__Work required__. In the listing below, locate the line that contains "今年度北海道で行われた学術大" and the line that contains "Our tour guide". Restate word for word those two lines and every line between them, and nothing else.

__Provided information__.
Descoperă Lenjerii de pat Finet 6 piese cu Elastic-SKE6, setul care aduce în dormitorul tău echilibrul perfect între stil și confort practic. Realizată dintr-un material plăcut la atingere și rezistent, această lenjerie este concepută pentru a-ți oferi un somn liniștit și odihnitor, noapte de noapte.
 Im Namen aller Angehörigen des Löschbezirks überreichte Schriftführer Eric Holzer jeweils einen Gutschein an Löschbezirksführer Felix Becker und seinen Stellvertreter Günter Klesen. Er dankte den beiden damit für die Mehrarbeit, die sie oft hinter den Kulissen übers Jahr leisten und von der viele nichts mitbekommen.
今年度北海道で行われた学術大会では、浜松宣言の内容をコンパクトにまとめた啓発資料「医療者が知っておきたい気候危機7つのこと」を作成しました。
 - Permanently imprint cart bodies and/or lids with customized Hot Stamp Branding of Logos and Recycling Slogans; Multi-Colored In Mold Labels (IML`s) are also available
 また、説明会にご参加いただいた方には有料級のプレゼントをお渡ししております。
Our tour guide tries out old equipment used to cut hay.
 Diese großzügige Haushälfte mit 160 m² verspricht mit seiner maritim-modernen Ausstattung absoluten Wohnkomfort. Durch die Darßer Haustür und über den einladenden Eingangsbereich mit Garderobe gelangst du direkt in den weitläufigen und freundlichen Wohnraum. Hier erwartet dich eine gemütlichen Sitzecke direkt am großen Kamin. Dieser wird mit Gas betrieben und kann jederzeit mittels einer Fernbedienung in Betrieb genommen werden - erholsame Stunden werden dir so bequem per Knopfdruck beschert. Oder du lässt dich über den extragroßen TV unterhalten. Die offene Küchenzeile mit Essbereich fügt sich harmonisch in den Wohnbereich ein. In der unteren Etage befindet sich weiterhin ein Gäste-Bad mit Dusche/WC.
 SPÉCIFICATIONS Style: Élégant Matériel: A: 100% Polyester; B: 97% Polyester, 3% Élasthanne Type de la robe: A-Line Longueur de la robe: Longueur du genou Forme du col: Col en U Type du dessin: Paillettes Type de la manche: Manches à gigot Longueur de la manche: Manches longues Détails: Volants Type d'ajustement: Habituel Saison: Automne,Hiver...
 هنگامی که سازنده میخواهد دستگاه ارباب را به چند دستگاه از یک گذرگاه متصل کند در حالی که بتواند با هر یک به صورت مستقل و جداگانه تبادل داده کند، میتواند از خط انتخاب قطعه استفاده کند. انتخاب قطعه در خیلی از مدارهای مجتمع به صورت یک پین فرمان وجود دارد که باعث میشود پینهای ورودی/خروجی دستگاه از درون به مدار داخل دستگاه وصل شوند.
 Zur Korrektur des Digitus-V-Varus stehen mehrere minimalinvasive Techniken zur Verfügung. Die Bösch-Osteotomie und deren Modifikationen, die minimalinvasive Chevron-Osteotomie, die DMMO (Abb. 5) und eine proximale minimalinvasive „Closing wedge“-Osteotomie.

* * *

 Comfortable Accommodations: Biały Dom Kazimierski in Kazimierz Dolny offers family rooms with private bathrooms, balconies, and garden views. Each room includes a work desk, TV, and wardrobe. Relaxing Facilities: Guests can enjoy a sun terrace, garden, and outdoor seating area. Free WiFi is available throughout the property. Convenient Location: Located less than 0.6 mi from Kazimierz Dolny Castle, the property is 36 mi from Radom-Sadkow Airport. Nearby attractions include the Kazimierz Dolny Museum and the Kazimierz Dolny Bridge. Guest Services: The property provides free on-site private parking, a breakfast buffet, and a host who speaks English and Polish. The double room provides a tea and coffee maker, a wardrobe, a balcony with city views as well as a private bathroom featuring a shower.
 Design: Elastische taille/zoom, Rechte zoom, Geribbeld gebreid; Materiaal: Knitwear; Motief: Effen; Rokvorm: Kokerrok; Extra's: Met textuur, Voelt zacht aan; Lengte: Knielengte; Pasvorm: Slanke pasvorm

__Task response__.
今年度北海道で行われた学術大会では、浜松宣言の内容をコンパクトにまとめた啓発資料「医療者が知っておきたい気候危機7つのこと」を作成しました。
 - Permanently imprint cart bodies and/or lids with customized Hot Stamp Branding of Logos and Recycling Slogans; Multi-Colored In Mold Labels (IML`s) are also available
 また、説明会にご参加いただいた方には有料級のプレゼントをお渡ししております。
Our tour guide tries out old equipment used to cut hay.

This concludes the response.